Task objective: Find "②のフライパンに玉ねぎのすりおろしと (a) の調味料を入れて火にかけ、ひと煮立ちしたら弱火で5分ほど煮詰めます。" below and begin at its line; stop after the line with "Hex #e701c8 Color". Output those lines exactly, without pictures.

Material to process:
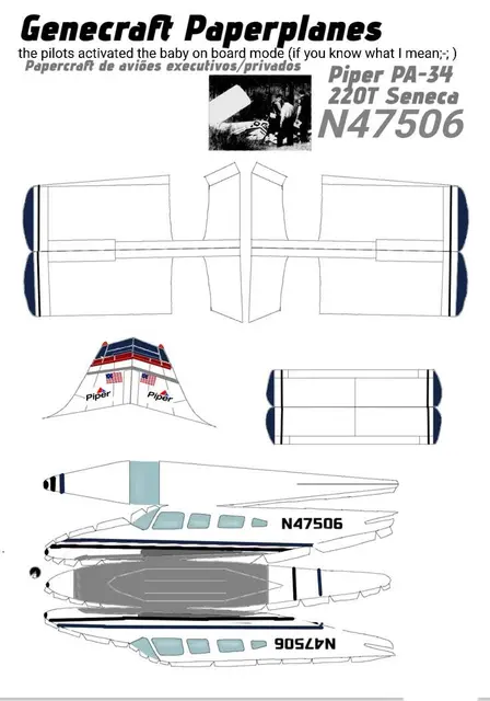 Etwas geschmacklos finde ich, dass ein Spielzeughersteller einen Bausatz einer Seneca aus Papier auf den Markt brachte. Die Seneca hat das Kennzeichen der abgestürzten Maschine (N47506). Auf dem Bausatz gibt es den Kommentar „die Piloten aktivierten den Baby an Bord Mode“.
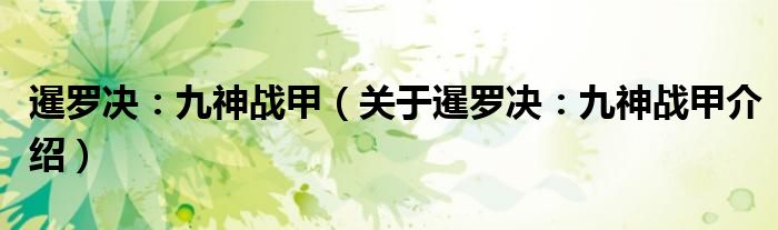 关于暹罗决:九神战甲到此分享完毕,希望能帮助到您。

---

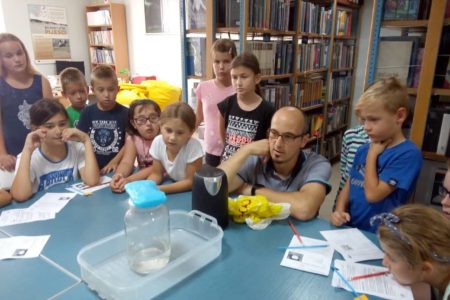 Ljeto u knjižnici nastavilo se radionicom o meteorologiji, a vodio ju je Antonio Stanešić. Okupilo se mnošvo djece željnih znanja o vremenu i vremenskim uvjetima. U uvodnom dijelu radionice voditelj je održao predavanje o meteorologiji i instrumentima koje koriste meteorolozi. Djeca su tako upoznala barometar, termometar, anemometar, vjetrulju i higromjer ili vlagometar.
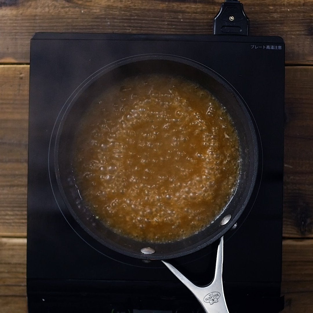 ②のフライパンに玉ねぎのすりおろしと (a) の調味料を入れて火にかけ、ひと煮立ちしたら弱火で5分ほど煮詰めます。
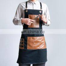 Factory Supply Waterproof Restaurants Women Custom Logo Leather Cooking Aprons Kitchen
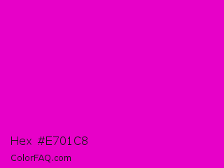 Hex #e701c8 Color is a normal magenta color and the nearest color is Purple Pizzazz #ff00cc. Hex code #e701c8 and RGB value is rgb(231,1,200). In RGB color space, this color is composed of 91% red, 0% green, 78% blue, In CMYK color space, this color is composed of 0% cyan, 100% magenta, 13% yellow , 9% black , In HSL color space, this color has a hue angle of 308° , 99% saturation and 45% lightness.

...

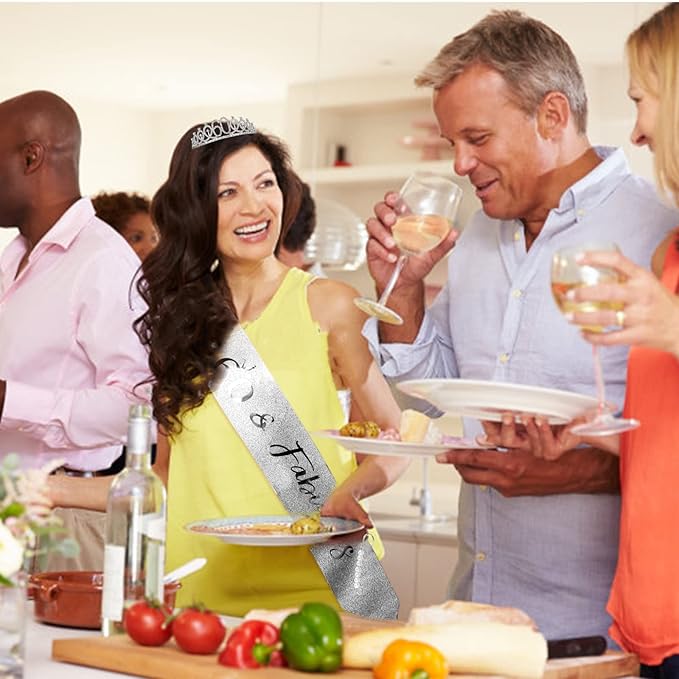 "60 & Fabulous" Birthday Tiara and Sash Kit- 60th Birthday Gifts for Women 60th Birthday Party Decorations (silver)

Response to this exercise:
 ②のフライパンに玉ねぎのすりおろしと (a) の調味料を入れて火にかけ、ひと煮立ちしたら弱火で5分ほど煮詰めます。
 Factory Supply Waterproof Restaurants Women Custom Logo Leather Cooking Aprons Kitchen
 Hex #e701c8 Color is a normal magenta color and the nearest color is Purple Pizzazz #ff00cc. Hex code #e701c8 and RGB value is rgb(231,1,200). In RGB color space, this color is composed of 91% red, 0% green, 78% blue, In CMYK color space, this color is composed of 0% cyan, 100% magenta, 13% yellow , 9% black , In HSL color space, this color has a hue angle of 308° , 99% saturation and 45% lightness.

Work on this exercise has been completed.